DC VOTERS READ THIS!

DOMINO DEVELOPMENT PLAN THREATENS DC

A master plan to displace residents and small businesses and turn DC into a THEME PARK for corporations, out-of-town developers, and the wealthy

An important message from Scott McLarty, Green Party candidate for the Ward One City Council seat. Paid for by Ward One Citizens for McLarty, Philip Barlow, Treasurer. For more information, call (202) 518-5624. We take no corporate contributions. VOTE GREEN!

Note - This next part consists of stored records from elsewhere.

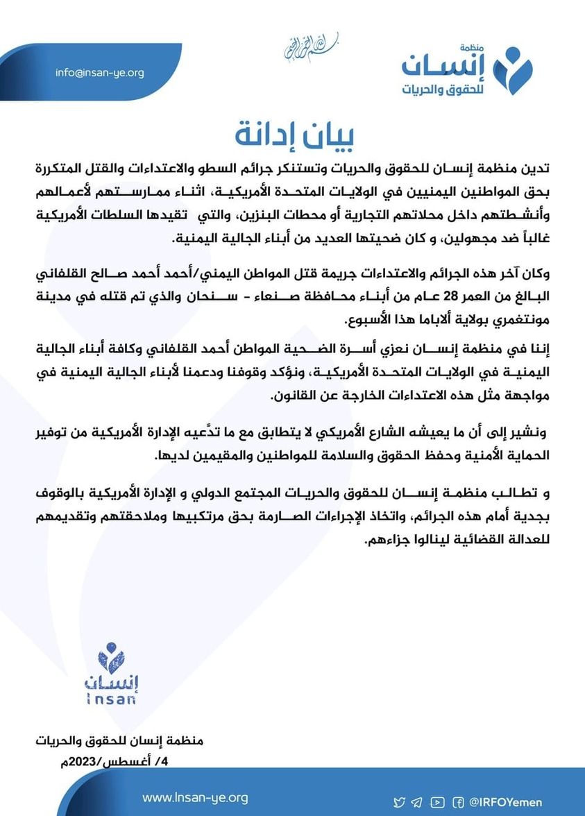 أدانت منظمة إنسان للحقوق والحريات جرائم السطو والاعتداءات والقتل المتكررة بحق المواطنين اليمنيين في أمريكا، أثناء ممارستهم لأعمالهم وأنشطتهم داخل محلاتهم التجارية وغيرها.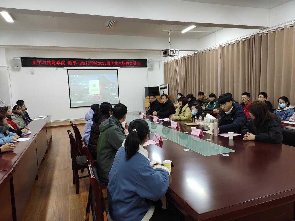 为做好毕业生就业指导服务工作,推进2021届毕业生顺利就业。同时也为学生提供更好的实习就业平台,进一步深化校企合作。2020年12月29日,文学与传媒学院和数学与统计学院在东教A303联合举办2021届毕业生招聘宣讲会。文学与传媒学院党委书记李月云、副书记王绍卫、数学与统计学院党务秘书徐依俭、团总支书记刘静出席会议。两院2017级和2018级部分学生参会。参与企业宣讲的企业有南京勤善堂健康产业集团、合肥跟谁学互联网教育科技公司、TATA木门以及合肥猿辅导互联网教育科技公司。本次招聘宣讲会开场式由李月云主持。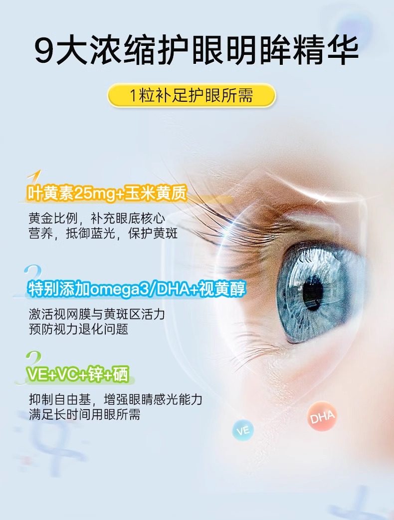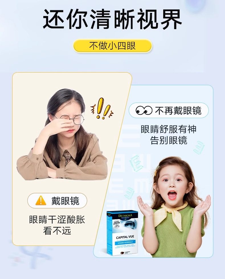 【明眸再现】度数儿童修护叶黄素护眼散光保护视力青少年官方旗舰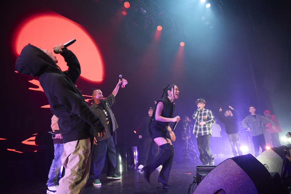 ライブ中、Awichが客席からファンを選び難解なフロウで知られる楽曲に挑戦する“Open It Up”チャレンジで白羽の矢が立ったのは14歳のHIP HOPボーイ! 大勢の観客が見守る中ステージ上で完璧なラップを披露した彼も、大いに会場を沸かせた。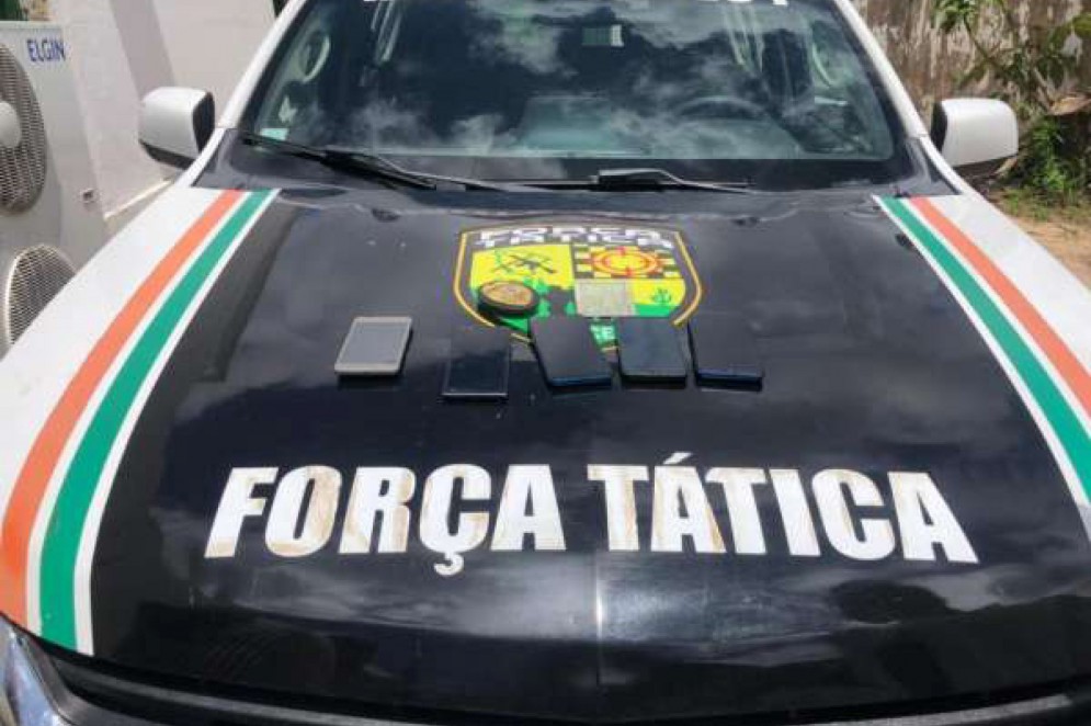 Com os dois foram apreendidos cinco aparelhos celulares, que seriam produtos de roubo
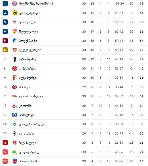 მიუნხენის „ბაიერნმა“ „შტუტგარტი“ დაამარცხა და დარჩენილი ოთხი ტურის შედეგების მიუხედავად ჩემპიონობა გაინაღდა.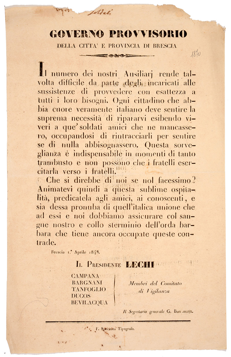 Invito del Governo provvisorio di Brescia ai cittadini a provvedere ai bisogni dei soldati alleati, 1 aprile 1848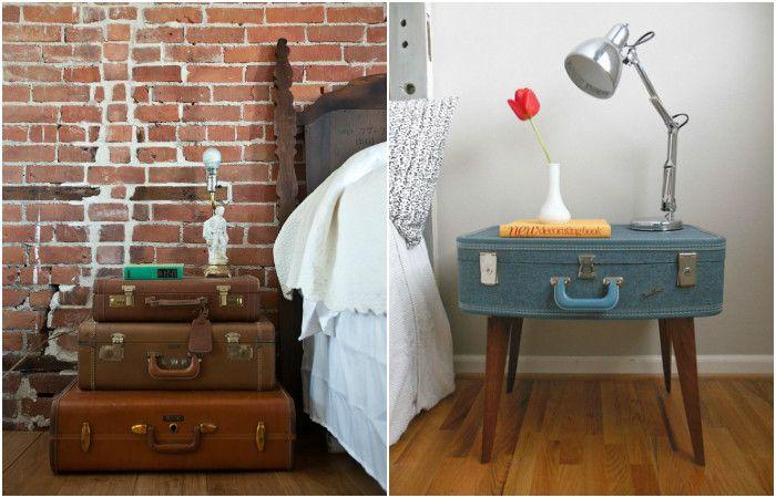Πώς θα φτιάξετε ένα κομοδίνο από βαλίτσες; Στοιβάξτε τη μία επάνω στην άλλη και κρεμάστε έναν καθρέφτη στον πίσω τοίχο. Ο καθρέφτης θα εμπλουτίσει την κατασκευή και επιπλέον, θα βελτιώσει το φωτισμό του δωματίου σας.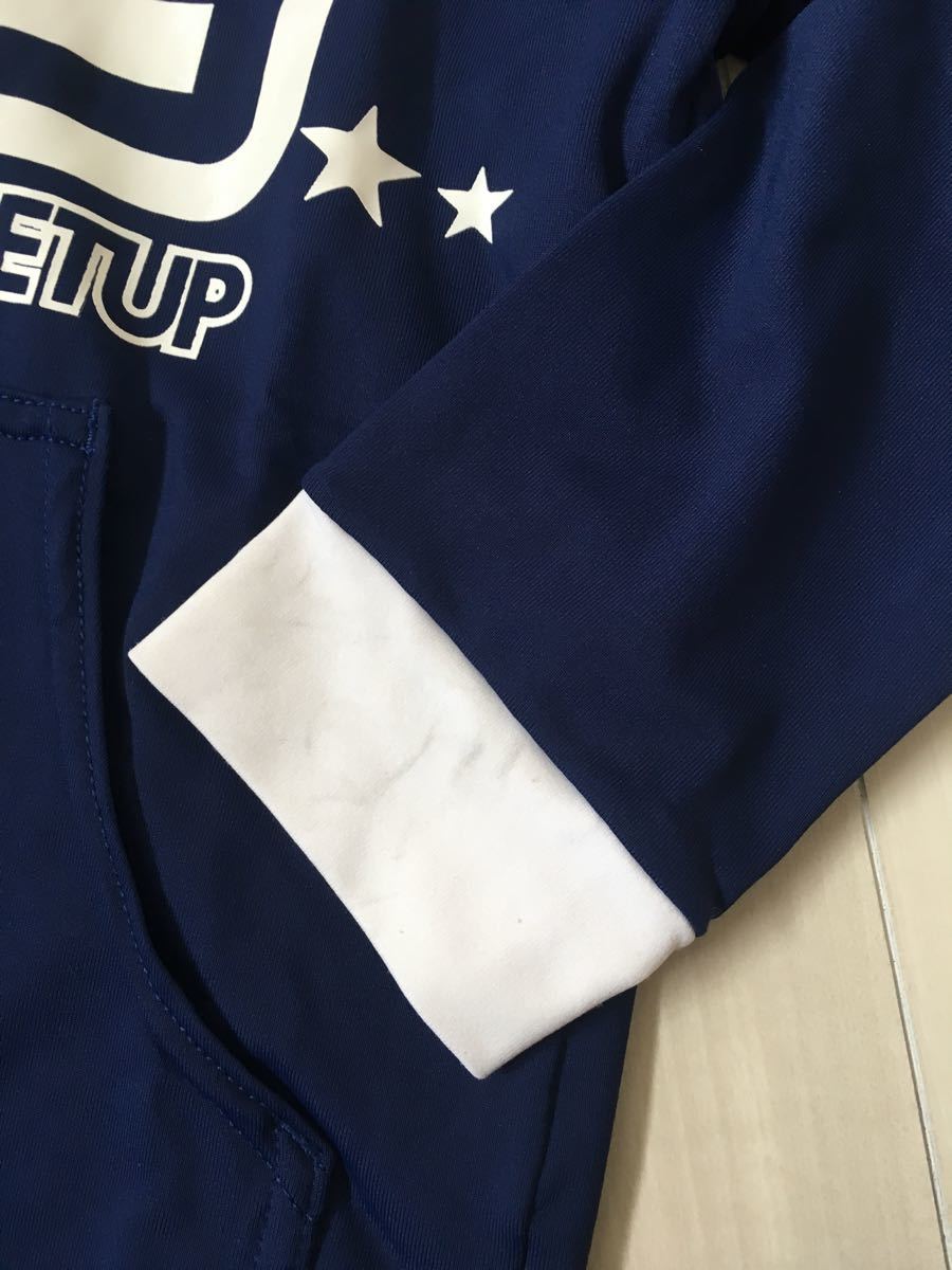 中古品です。袖口に薄汚れあります。素材タグを少し切っています。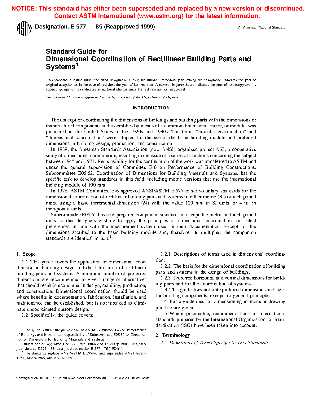 This guide covers the application of dimensional coordination in building design and the fabrication of rectilinear building parts and systems. A minimum number of preferred dimensions are recommended to give a range of alternatives that should result in economies in design, detailing, production, and construction. Dimensional coordination should be used where benefits in documentation, fabrication, installation, and maintenance can be established, but is not intended to eliminate uncoordinated custom design. Dimensional coordination of buildings and rectilinear building parts is based on the application of three related concepts such as modular reference grids of lines or planes to define reference locations in space, controlling dimensions in the horizontal and vertical plane as means of controlling the location of major building elements and rectilinear building parts, and coordinating dimensions for building components to reduce variety of sizes and to promote a better fit within the controlling reference system therefore minimizing wasteful cutting or fitting on site. The reference system for dimensionally coordinated design may consist of: a standard modular grid of dimensions; a multimodular grid of two or three dimensions, which may use different modules in different directions; or, a selected set of reference planes or lines spaced at modular intervals but without the use of a regular grid. The reference system is used in design and detailing decisions to locate building parts that may or may not be shown on working drawings.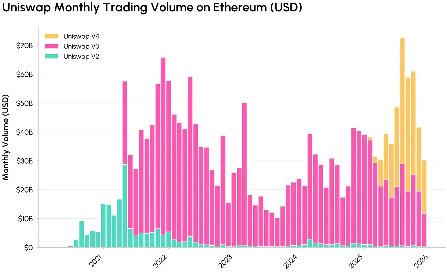 Monthly trading volume (in USD) trends of various Uniswap versions (V2, V3, V4) on the Ethereum network. Source: Coin Metrics Network Data Pro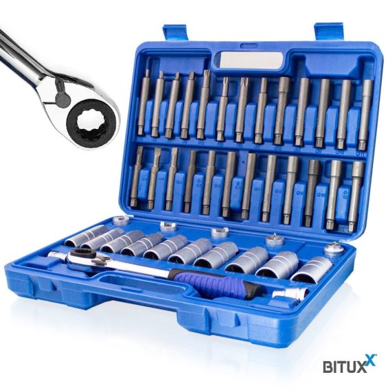 Narzędzie do amortyzatorów marki Bituxx do komplet 43 częściowych kluczy do przytrzymywania i kontrowania tłoka amortyzatora. Klucze są uniwersalne przez co pasują do wszystkich popularnych typów pojazdów.Wykonane z najwyższej stali pozwolą na długotrwałe użytkowanie. Nadają się zarówno dla profesjonalisty, jak i majsterkowicza.
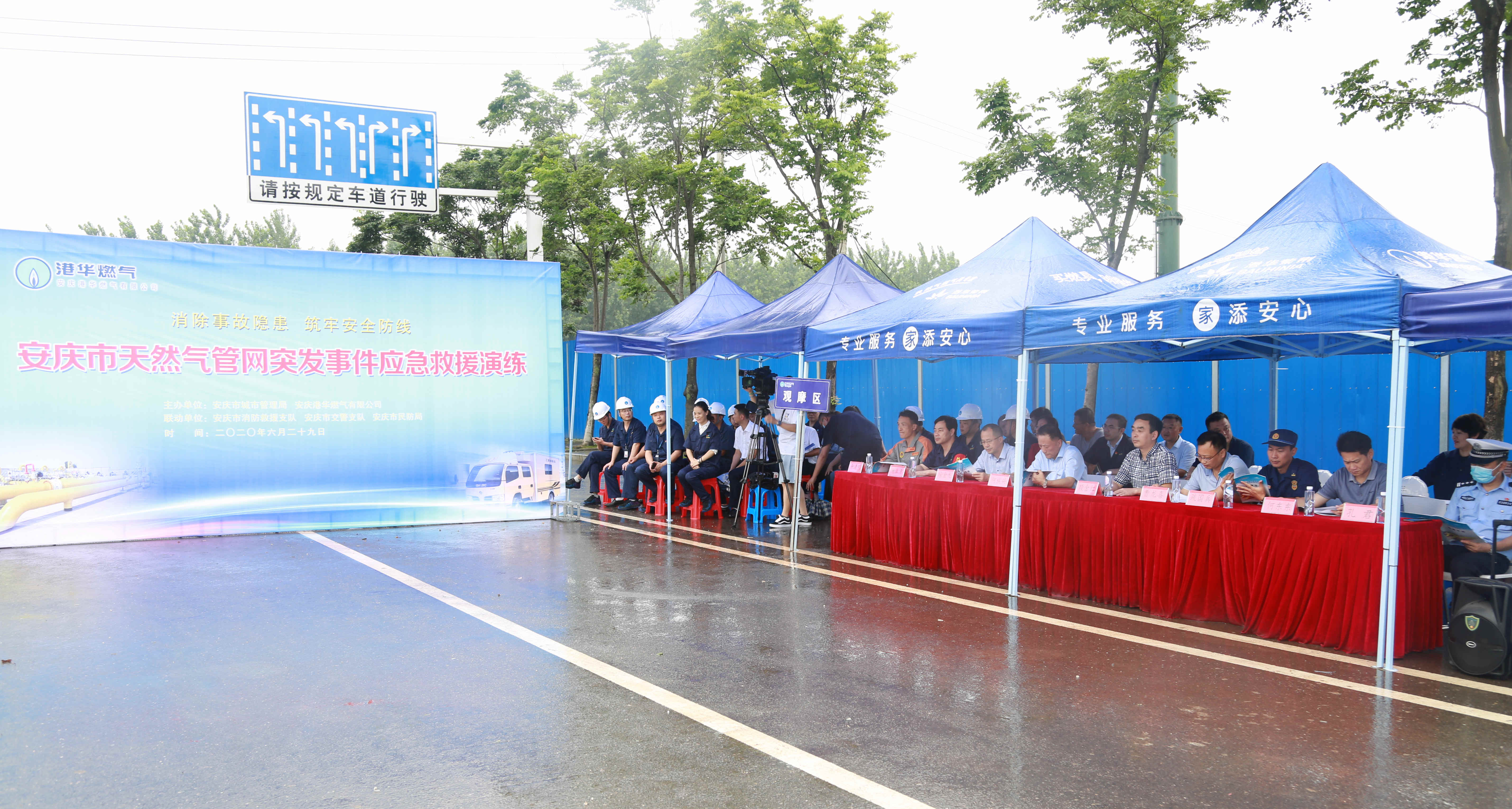 市城管局、應(yīng)急管理局、消防救援支隊、民防局及城區(qū)液化氣站相關(guān)負(fù)責(zé)人到現(xiàn)場觀摩,安慶港華黨委書記、董事長何族興率公司管理層及公司應(yīng)變小組成員參加演練。

The people of DC lack democracy In two ways:

  1. We enjoy no representation in Congress; we suffer the recent cancellation of limited home rule through the appointment of the Financial Control Board and the imposition of the DC Revitalization Act of 1997 by Congress and President Clinton.
  2. Our elected city government has sold out to corporations and the suburbs. The result of our lack of democracy is a DC Domino Development Plan... turning DC into “Disneyland-on- the-Potomac” or “Crystal City North”!

The Domino Effect

Out-of-town corporations, with the cooperation of sold-out DC politicians in City Council, have undertaken this master plan to sell out and sell off DC, piece by piece, drive out middle and low income residents and small businesses, weaken labor protections, cater to out-of-town corporations, and perpetrate schemes to make money fly out of DC Here's how it works...

Domino 1: The MCI Arena

  • Despite some genuine economic benefits, such as more Metrorail use, Abe Pollin’s MCI Arena has cheated the people of DC. It broke promises to provide good jobs, instead offers several hundred part time, seasonal, low-level positions with no benefits or job security. The arena now threatens to drive out Chinatown businesses the arena was supposed to benefit.
  • Council imposed an MCI Arena Surtax on DC businesses, but provided major tax breaks and a steady welfare check for millionaire Abe Pollin.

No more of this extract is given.